### Data to process ###
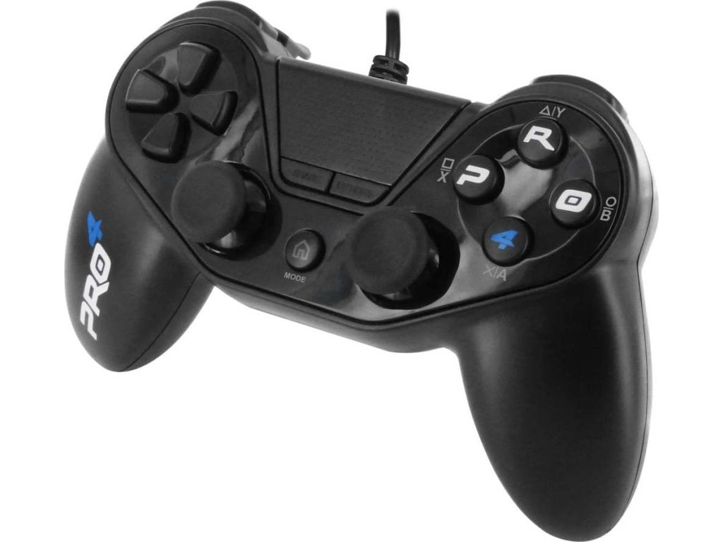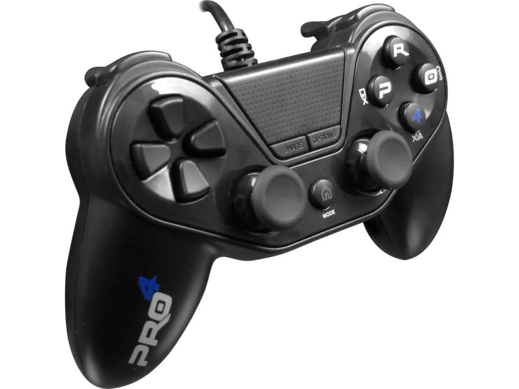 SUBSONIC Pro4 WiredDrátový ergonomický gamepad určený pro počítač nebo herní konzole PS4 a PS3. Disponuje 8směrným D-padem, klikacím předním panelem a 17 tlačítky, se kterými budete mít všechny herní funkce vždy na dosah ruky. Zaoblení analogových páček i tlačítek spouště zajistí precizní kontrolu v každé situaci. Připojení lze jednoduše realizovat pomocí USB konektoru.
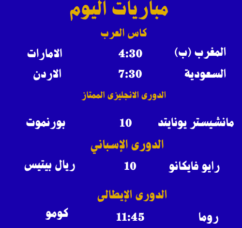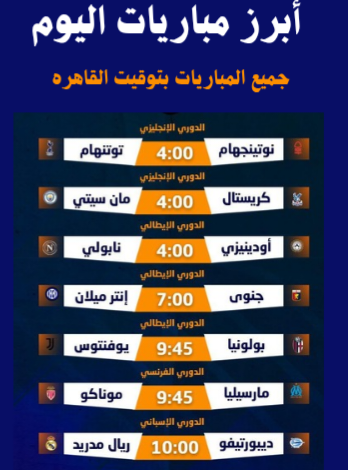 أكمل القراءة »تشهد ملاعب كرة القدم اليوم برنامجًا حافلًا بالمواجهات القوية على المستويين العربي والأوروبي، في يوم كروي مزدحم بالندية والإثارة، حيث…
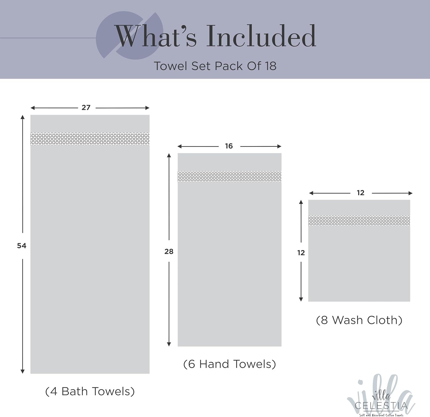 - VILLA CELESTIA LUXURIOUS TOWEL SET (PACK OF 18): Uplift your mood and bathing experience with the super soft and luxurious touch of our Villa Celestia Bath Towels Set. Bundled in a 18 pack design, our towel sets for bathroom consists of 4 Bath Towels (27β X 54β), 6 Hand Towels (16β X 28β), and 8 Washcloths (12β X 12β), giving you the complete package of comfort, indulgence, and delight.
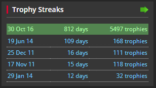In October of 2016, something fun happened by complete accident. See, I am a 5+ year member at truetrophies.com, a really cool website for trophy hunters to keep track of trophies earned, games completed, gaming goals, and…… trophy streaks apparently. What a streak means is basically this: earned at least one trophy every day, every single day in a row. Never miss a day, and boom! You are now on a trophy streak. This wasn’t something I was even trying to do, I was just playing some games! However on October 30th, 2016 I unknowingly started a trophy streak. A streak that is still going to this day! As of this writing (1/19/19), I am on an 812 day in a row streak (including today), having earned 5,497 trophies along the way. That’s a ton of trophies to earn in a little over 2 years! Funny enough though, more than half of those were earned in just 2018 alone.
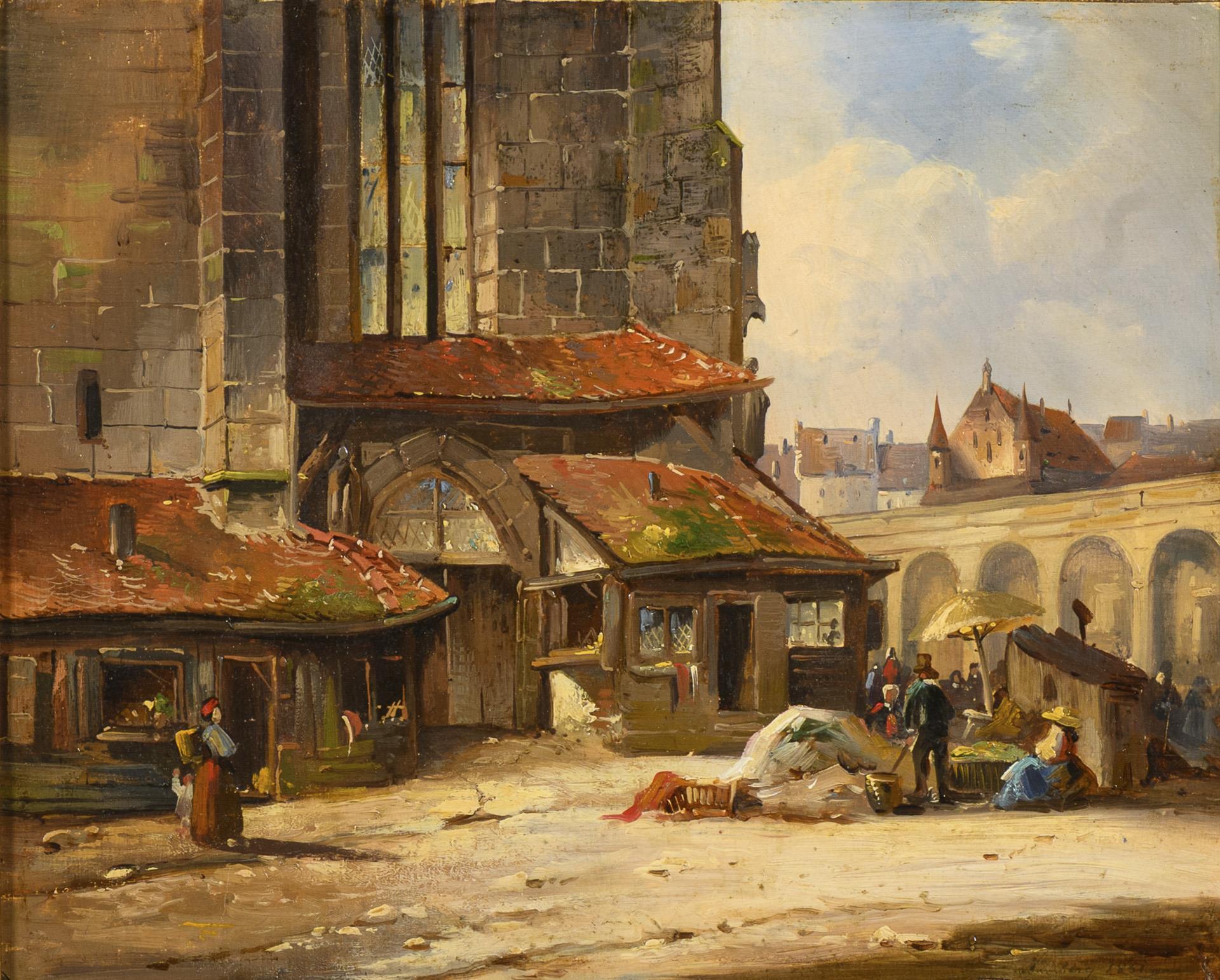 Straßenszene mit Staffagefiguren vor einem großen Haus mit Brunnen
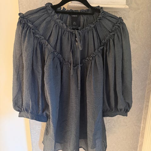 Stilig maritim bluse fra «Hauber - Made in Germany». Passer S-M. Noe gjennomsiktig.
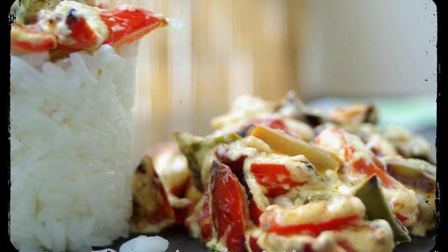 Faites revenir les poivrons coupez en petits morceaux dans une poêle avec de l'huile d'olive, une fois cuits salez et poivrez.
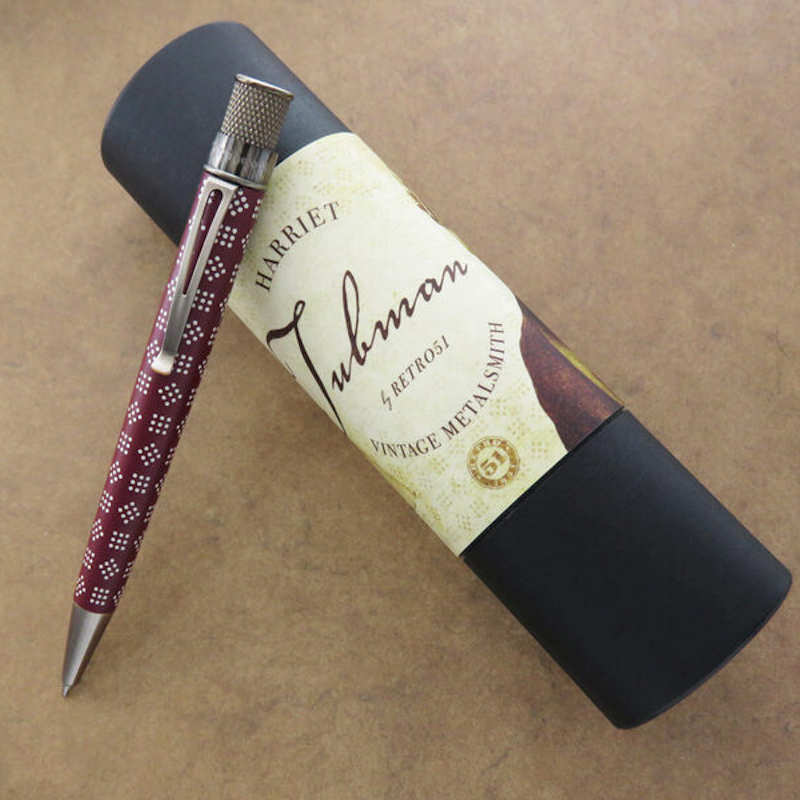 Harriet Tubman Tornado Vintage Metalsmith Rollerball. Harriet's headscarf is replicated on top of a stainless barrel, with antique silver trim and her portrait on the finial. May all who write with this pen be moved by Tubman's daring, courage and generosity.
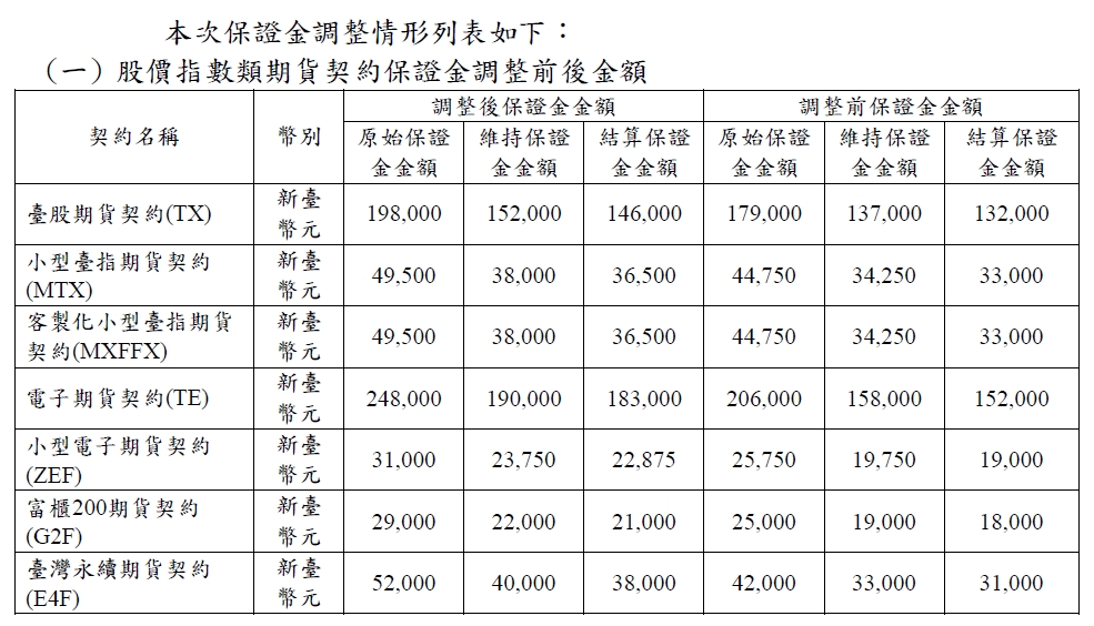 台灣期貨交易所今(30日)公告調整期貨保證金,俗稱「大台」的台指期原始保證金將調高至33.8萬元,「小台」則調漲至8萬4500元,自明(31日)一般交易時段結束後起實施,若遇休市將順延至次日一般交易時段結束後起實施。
###
◆ What is expected
Exact copies of all the entries are needed; output them without the pictures.

◆ Answer to the exercise
 SUBSONIC Pro4 WiredDrátový ergonomický gamepad určený pro počítač nebo herní konzole PS4 a PS3. Disponuje 8směrným D-padem, klikacím předním panelem a 17 tlačítky, se kterými budete mít všechny herní funkce vždy na dosah ruky. Zaoblení analogových páček i tlačítek spouště zajistí precizní kontrolu v každé situaci. Připojení lze jednoduše realizovat pomocí USB konektoru.
 أكمل القراءة »تشهد ملاعب كرة القدم اليوم برنامجًا حافلًا بالمواجهات القوية على المستويين العربي والأوروبي، في يوم كروي مزدحم بالندية والإثارة، حيث…
 - VILLA CELESTIA LUXURIOUS TOWEL SET (PACK OF 18): Uplift your mood and bathing experience with the super soft and luxurious touch of our Villa Celestia Bath Towels Set. Bundled in a 18 pack design, our towel sets for bathroom consists of 4 Bath Towels (27β X 54β), 6 Hand Towels (16β X 28β), and 8 Washcloths (12β X 12β), giving you the complete package of comfort, indulgence, and delight.
In October of 2016, something fun happened by complete accident. See, I am a 5+ year member at truetrophies.com, a really cool website for trophy hunters to keep track of trophies earned, games completed, gaming goals, and…… trophy streaks apparently. What a streak means is basically this: earned at least one trophy every day, every single day in a row. Never miss a day, and boom! You are now on a trophy streak. This wasn’t something I was even trying to do, I was just playing some games! However on October 30th, 2016 I unknowingly started a trophy streak. A streak that is still going to this day! As of this writing (1/19/19), I am on an 812 day in a row streak (including today), having earned 5,497 trophies along the way. That’s a ton of trophies to earn in a little over 2 years! Funny enough though, more than half of those were earned in just 2018 alone.
 Straßenszene mit Staffagefiguren vor einem großen Haus mit Brunnen
 Stilig maritim bluse fra «Hauber - Made in Germany». Passer S-M. Noe gjennomsiktig.
 Faites revenir les poivrons coupez en petits morceaux dans une poêle avec de l'huile d'olive, une fois cuits salez et poivrez.
 Harriet Tubman Tornado Vintage Metalsmith Rollerball. Harriet's headscarf is replicated on top of a stainless barrel, with antique silver trim and her portrait on the finial. May all who write with this pen be moved by Tubman's daring, courage and generosity.
 台灣期貨交易所今(30日)公告調整期貨保證金,俗稱「大台」的台指期原始保證金將調高至33.8萬元,「小台」則調漲至8萬4500元,自明(31日)一般交易時段結束後起實施,若遇休市將順延至次日一般交易時段結束後起實施。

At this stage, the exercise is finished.